The one favorable development is the fact that although capital is still very unequally distributed, there was a substantial increase in the number of capital owners since 1914, with 7,750,000 people owning between £100 and £1,000 in 1947 and 2 and one-half million between £1,000 and £5,000. A levelling-up process has ben going on over many decades, but at a slow rate which was not accentuated by the Labor government. Income, never so unequally distributed as property, has tended to level out and to be more evenly distributed at a much faster rate than has property. This has created a paradoxical situation which has yet to be resolved, and which is often ignored by those who make much of the “silent and bloodless revolution” which has unquestionably taken place so far as personal incomes are concerned. Formerly, gross inequality in property ownership went hand-in-hand with an almost equally gross inequality in the receipt of incomes. This was once accepted as a part of the British way of life and the country’s social ethos. But just as the hereditary monarchy of Great Britain lost its most important support when the House of Lords ceased to exist on a purely hereditary basis, so did gross inequality in property holdings lose its principal support as a result of the striking development toward equalization of private incomes. Personal wealth and capital holdings stand exposed today, morally and socially without serious defenses if a determined attack should be made upon them. [14]
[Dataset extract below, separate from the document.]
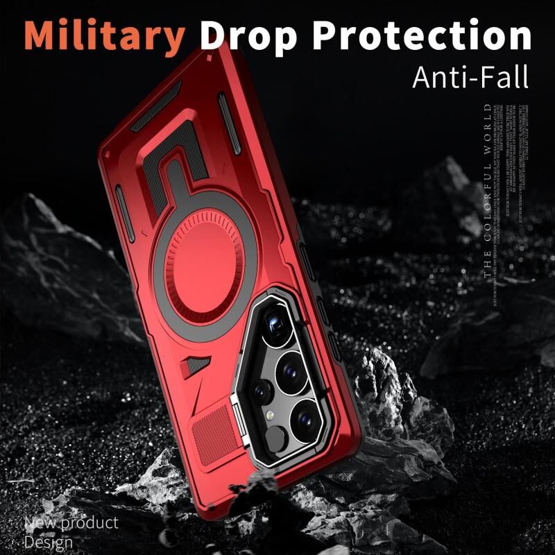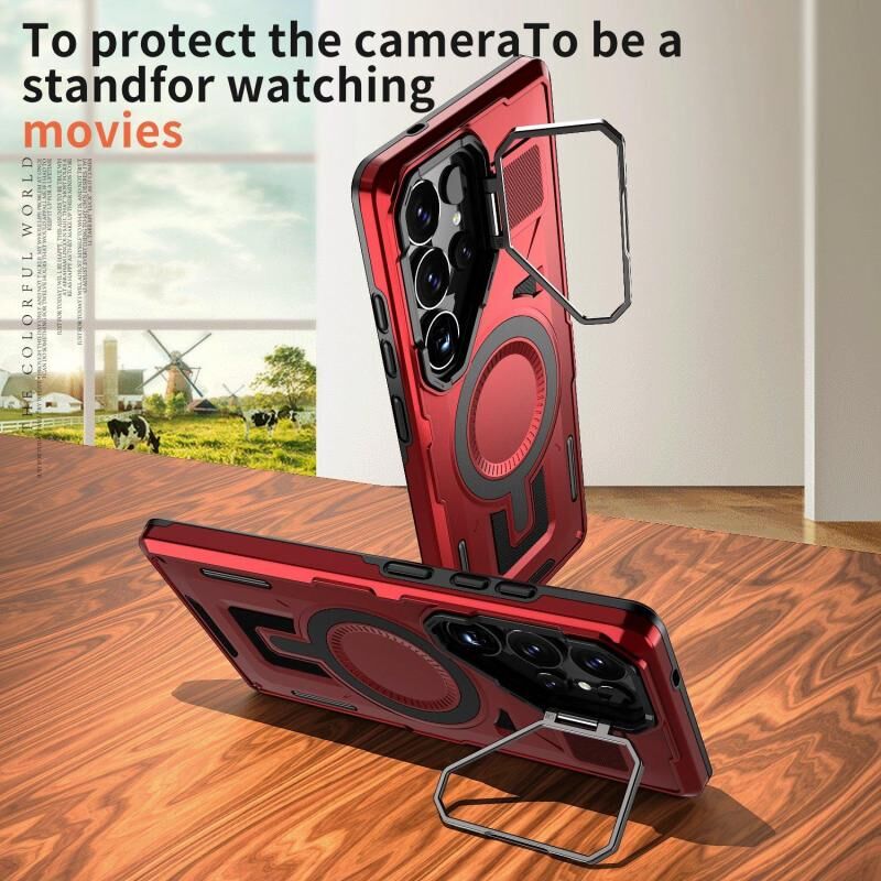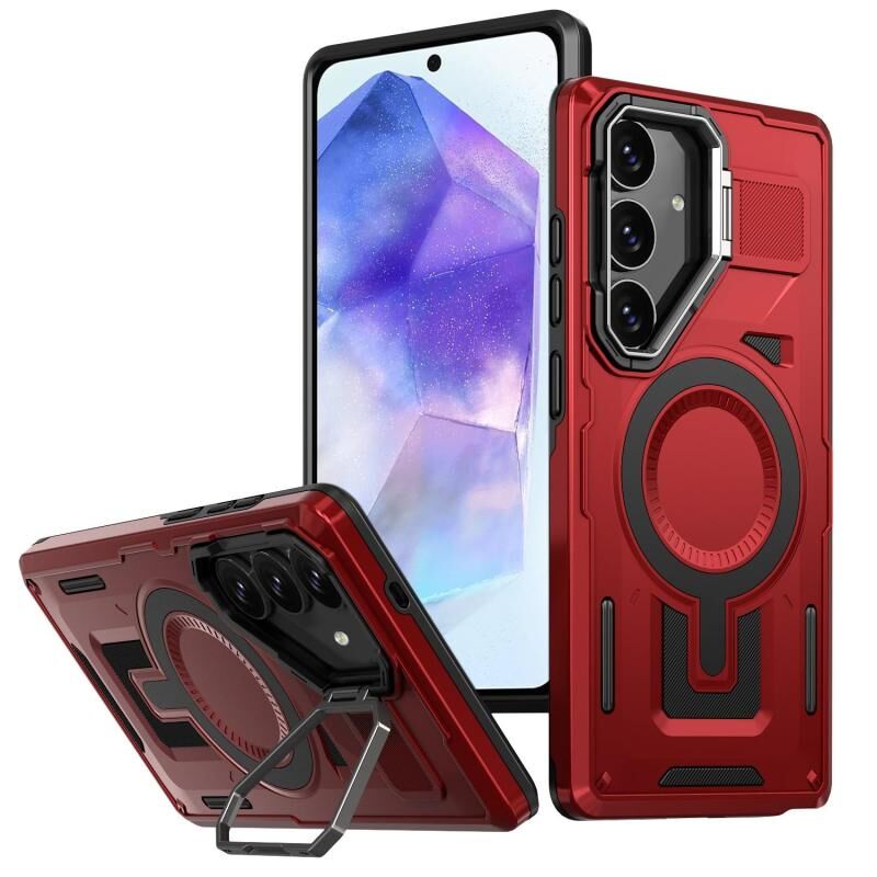 Θήκη κινητού τηλεφώνου Samsung Galaxy A55 5G Shield Hollow Frame Holder MagSafe (Κόκκινο)
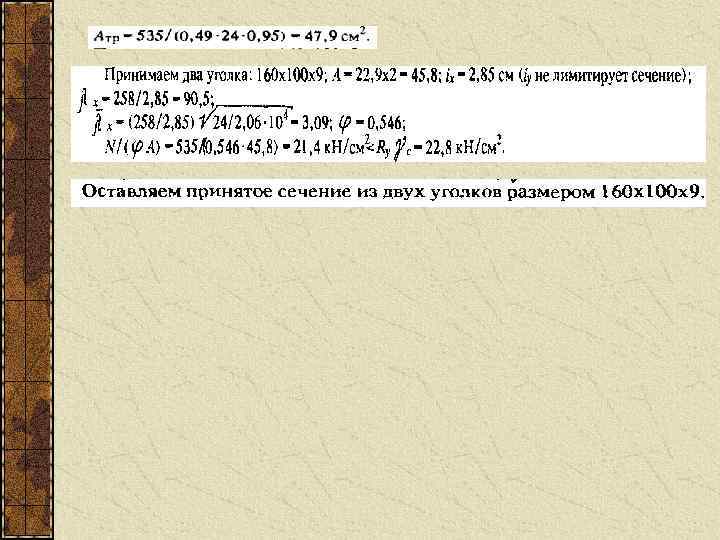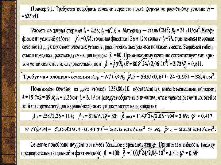 Если гибкость стержня предварительно была задана неправильно проверка показала перенапряжение или значительное (больше 510%) недонапряжение, то проводят корректировку сечения, принимая промежуточное между предварительно заданным и фактическим значениями гибкости Обычно второе приближение достигает цели Для составных сечений предельные гибкости полок и стенок определяются в соответствии с нормами

This anomalous situation was not touched upon by the Labor government which centered its efforts around the matter of personal income and taxation policy. Another paradoxical situation exists in the field of property ownership which, at some eventual date, will present a problem whose solution raises fundamental principles. We refer to the fact that while the public sector of ownership has expanded to an enormous extent, as a result of the nationalizations, from a juridical and technical point of view this public or statified property is mortgaged to private individuals because of the compensation policy of the government which took the form of interest-bearing state bonds. Strictly speaking, it would be possible to deduce from this situation that the state property represented by the nationalized sector of the economy is “owned” by private persons, but this is a legal fiction without social import, and the really important question involved in this relationship is that of annual interest payments of a considerable sum to the holders of these obligations.
 

On returning to the original three elements which determine the distribution of national income, according to M. Sellier, it is necessary to add certain details to those previously cited before attempting to draw up a balance of the whole picture. The progressive redistribution of the national income began forty years ago, and was carried out in turn by conservative, liberal and, finally, Labor governments. Its principal weapon has been that of the income tax, and the rate of tax imposed upon income has mounted steadily until it reached its height under the Labor government. J-H. Huizinga, in his studies in Le Monde, cites some of the more sensational aspects of this policy: five-sixths of the population, with an annual income of less than £500 now possesses a purchasing power of 25 per cent above that of prewar; the other one-sixth of the population has seen its living standard drop by 30 per cent; a rentier, with an income varying between £1,500 and £1,900 between 1938 and 1949 has seen his real income reduced by 53 per cent by comparison with the pre-war period; a millionaire with an annual income of £100,000 in 1913 (£91,700 after taxation), saw this reduced to £23,000 in 1928, £2,459 in 1945 and £2,097 in 1950. Innumerable other examples of this kind could be cited, but their significance is more sensational than anything else since they do not indicate the situation with respect to the mass of the population, nor that of the distribution of income among the different social groups.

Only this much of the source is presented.